The first domino in hotels with service issues — just like with restaurants or any other service-related business — is their staffing ratio. A high staff to room ratio is usually around 2.5 staff members per room and above 3 for ultra-luxury experiences (this should also provide an indication for the cost structure of what we referred to as seven-star properties in our last article). There is also ample evidence to show that lower category hotels should target at least 1.5 staff per room.
Crucially, the focus should be on the ratio, not on the hotel’s capacity. Hoteliers should never have to tell guests “We are fully booked, that’s why things are slow this week.” They should either hire more or downsize.
If you have ever vacationed somewhere where things feel slow, inconsistent and overly reactive, chances are there are too few employees at the property and they are swamped catching up on yesterday’s problems.
This is where the cracks begin to show — unserviced rooms, thirty-minute coffee waits, a mysteriously different standard of service depending on the hour, and your concerns immediately catapulted to upper management because no one on the floor is able to help.

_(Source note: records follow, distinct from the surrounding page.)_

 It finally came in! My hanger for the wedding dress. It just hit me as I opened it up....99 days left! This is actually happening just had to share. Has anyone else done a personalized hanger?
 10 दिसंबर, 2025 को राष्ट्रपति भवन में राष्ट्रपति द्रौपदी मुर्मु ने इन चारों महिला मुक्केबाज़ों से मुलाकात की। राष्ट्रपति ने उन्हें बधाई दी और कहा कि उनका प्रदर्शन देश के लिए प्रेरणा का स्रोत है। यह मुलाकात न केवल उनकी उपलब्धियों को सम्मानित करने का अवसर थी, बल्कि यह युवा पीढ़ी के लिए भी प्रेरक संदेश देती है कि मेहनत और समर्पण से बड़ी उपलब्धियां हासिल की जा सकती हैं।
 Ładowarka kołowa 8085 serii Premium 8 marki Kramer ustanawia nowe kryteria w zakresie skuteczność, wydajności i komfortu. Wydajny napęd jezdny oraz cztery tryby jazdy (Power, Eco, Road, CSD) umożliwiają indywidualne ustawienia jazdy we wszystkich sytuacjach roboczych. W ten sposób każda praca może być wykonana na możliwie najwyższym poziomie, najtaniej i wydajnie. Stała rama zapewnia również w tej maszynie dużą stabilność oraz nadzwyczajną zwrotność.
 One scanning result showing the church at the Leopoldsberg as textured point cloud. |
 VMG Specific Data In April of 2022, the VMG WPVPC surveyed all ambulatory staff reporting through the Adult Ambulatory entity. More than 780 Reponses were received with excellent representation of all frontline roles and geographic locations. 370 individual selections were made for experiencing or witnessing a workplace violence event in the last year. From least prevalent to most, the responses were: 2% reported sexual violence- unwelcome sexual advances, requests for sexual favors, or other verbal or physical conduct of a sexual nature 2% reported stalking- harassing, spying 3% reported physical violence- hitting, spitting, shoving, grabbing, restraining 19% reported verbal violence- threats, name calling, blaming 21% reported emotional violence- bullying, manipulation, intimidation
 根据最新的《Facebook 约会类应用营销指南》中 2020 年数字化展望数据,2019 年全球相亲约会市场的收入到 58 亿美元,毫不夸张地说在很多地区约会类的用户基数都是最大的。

Which leads to the final aspect of great hotel service: staff empowerment. An escalation to the GM should be just that: an escalation, an exception, a rarity. You should only see the GM when they make their rounds to tell you what a valued guest you are. Day-to-day issues should be handled by the competent frontline staff on hand. If they have not been trained to do so or do not feel comfortable doing so, the hotel has let both them and you down.

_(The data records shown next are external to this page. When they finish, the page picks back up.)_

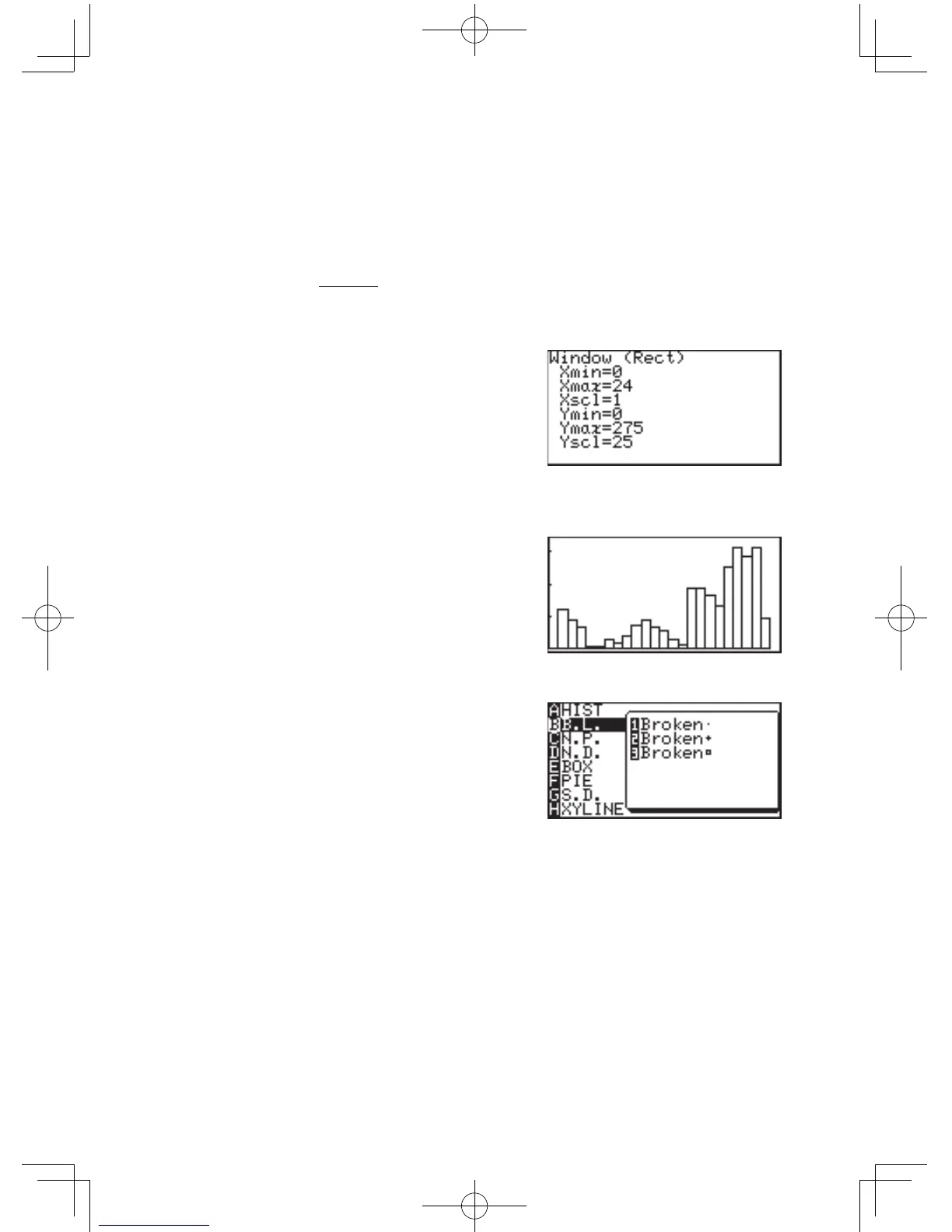 PLOT:on,DATA:X,ListX:L1,andFreq:L3.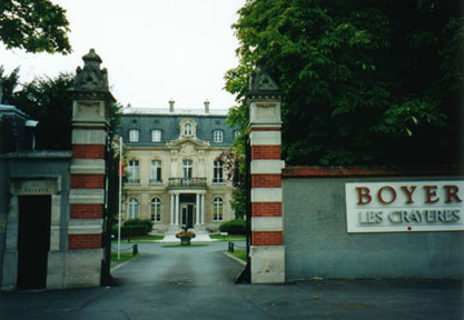 今夜宿泊するボワイエ・レ・クレイエールは駅からタクシーで10分ほどのところにあります。ミシェラン三ツ星のレストランですが、ホテルも併設しています。高い塀で囲まれた広大な敷地には、シャトーを思わせる白亜の建物と緑あふれる庭が広がっています。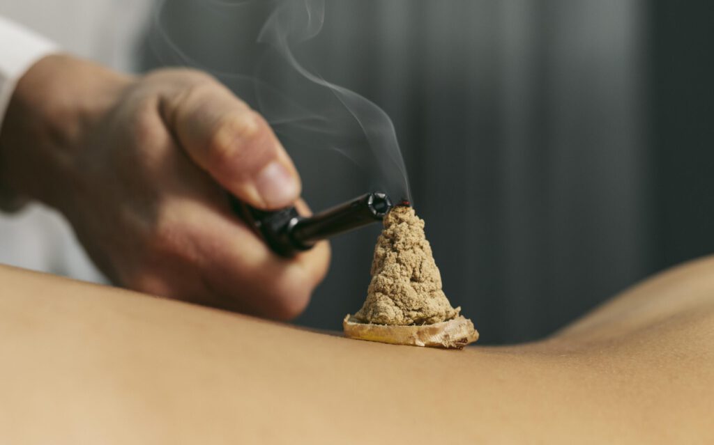 Bei der Moxibustion werden die Akupunkturpunkte durch brennendes Beifusskraut erwärmt und damit ähnlich wie in der Akupunktur der Energiefluss angeregt.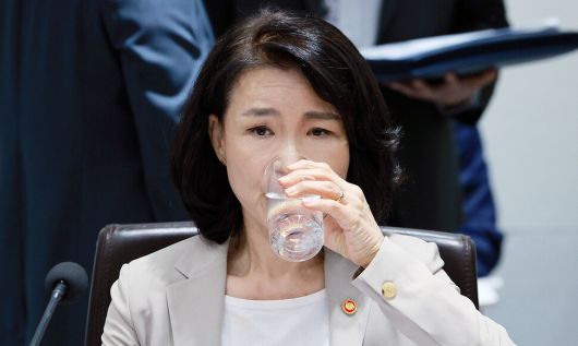 이진숙 방송통신위원장이 8일 용산 대통령실에서 열린 국무회의에 참석해 있다. 대통령실통신사진기자단 |
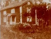 Exteriör. Bostadsmiljö. Trähus byggt i vinkel, bostad för flera familjer. En kvinna med ett barn och en barnvagn har just kommit in genom dörren i planket. Entrén till bostaden i mitten, har en förstubro med snickarglädje. I trädgården/på innegården finns flera träd. Möjligen är det en jordkällare till vänster i bild. Fotografens anteckning: Dokumentation av fastigheter i kvarteren söder och norr om ån. Bilder och beskrivningar finns på Arboga museum.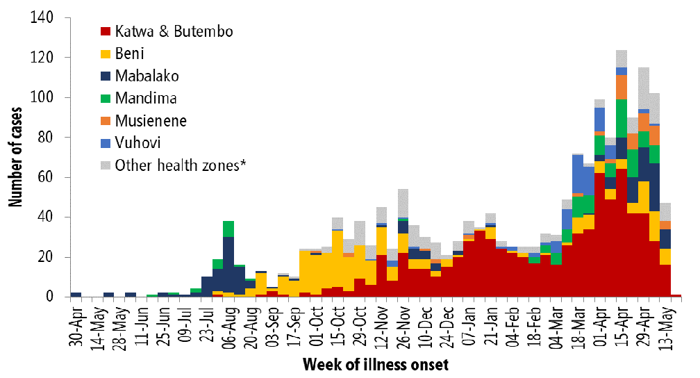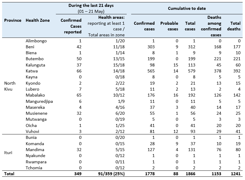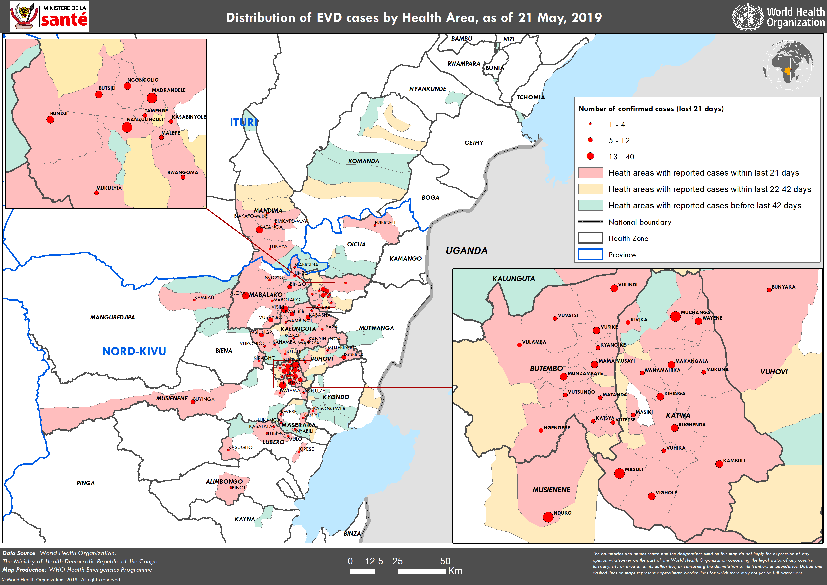 Geçtiğimiz 3 hafta boyunca, raporlar, 7 ana sorunlu alanda hastalık iletiminin en yoğun olduğunu göstermektedir: Beni, Butembo, Kalunguta, Katwa, Mabalako, Mandima ve Musienene. Toplu olarak, bu sağlık bölgeleri, 1 - 21 Mayıs 2019 tarihleri arasında son 21 gün içinde bildirilen 349 vakanın büyük çoğunluğunu (% 93) oluşturmaktadır (Şekil 1 ve Tablo 1). Bu dönemde, bugüne kadar etkilenen 22 sağlık bölgesinin 15'inde 91 sağlık alanından yeni vakalar bildirilmiştir (Şekil 2).

How to get a Fox for service: Upfront communication, welcoming personnel, correctly staffed, consistency and proactivity in service.
Sleep

Go scroll through travel Instagram and tell me how many influencers are actually commenting on the technical nitty-gritty details of how well-equipped a room is to sleep in. This is a surprisingly overlooked area when evaluating the quality of a property.
If you wake up with a sore back the next day because the mattress was too stiff or with a cold because the air conditioning was blowing directly on your neck all night, then what is the point? Will it then really matter how good the restaurant or exercise facilities are?
There is nothing that frustrates me more when getting ready to sleep in a hotel room than spending an extra thirty minutes trying to figure out how to turn off the annoying bathroom light, only to have to place the last remaining towel on the floor to block it out. You shouldn’t need an electrical engineering degree to sleep in a hotel.
Okay, maybe there are a few things that frustrate me more: bad pillows, curtains that don’t blackout the sun and result in you watching a Scandinavian summer sunrise at three in the morning and hearing drunk neighbors return in the middle of the night.
Lightproof and soundproof rooms are a must. If I need earplugs and a mask to sleep in a high-end hotel, I should get my money back.
How to get a Fox for sleep: Comfortable beds for people of all preferences, dark rooms, easy lighting and temperature control settings, and noise isolation.
Food
This is a GlobeFoxing staple. As my wife often often reminds me, I’m known to put on a pouty face for the duration of a trip if the food is subpar. Having said that, even if you don’t live to eat, there should be some basic universal standards for hotel food and beverages.
A quality breakfast with actual coffee — not the instant powder that sometimes doesn’t dissolve and will have someone performing a Heimlich on you — should be mandatory. This is the first important signal guests get about the quality of the establishment. I have had multiple clients reach out to me saying their hotel stays were great, but they weren’t crazy about the breakfast offering, so they wouldn’t return.
Whether buffet or à la carte, it should be edible, hygienically laid out, and, for a bonus point, actually change from day to day. Ideally, if you are staying somewhere for an entire week, you should not need to have the same soggy scrambled eggs with a rubbery turkey sausage and a side of ultra-processed orange juice every single morning.
The good food should not only be limited to the breakfast area. If, for whatever reason, you do not want to venture out of the property one evening, you should be able to eat well at the on-site restaurant. Chances are, it will cost you a kidney to do so, but maybe it will almost be worth it. This rule applies to the room service menu as well. It should not take longer to get food delivered to your room than if you are sitting at the restaurant downstairs.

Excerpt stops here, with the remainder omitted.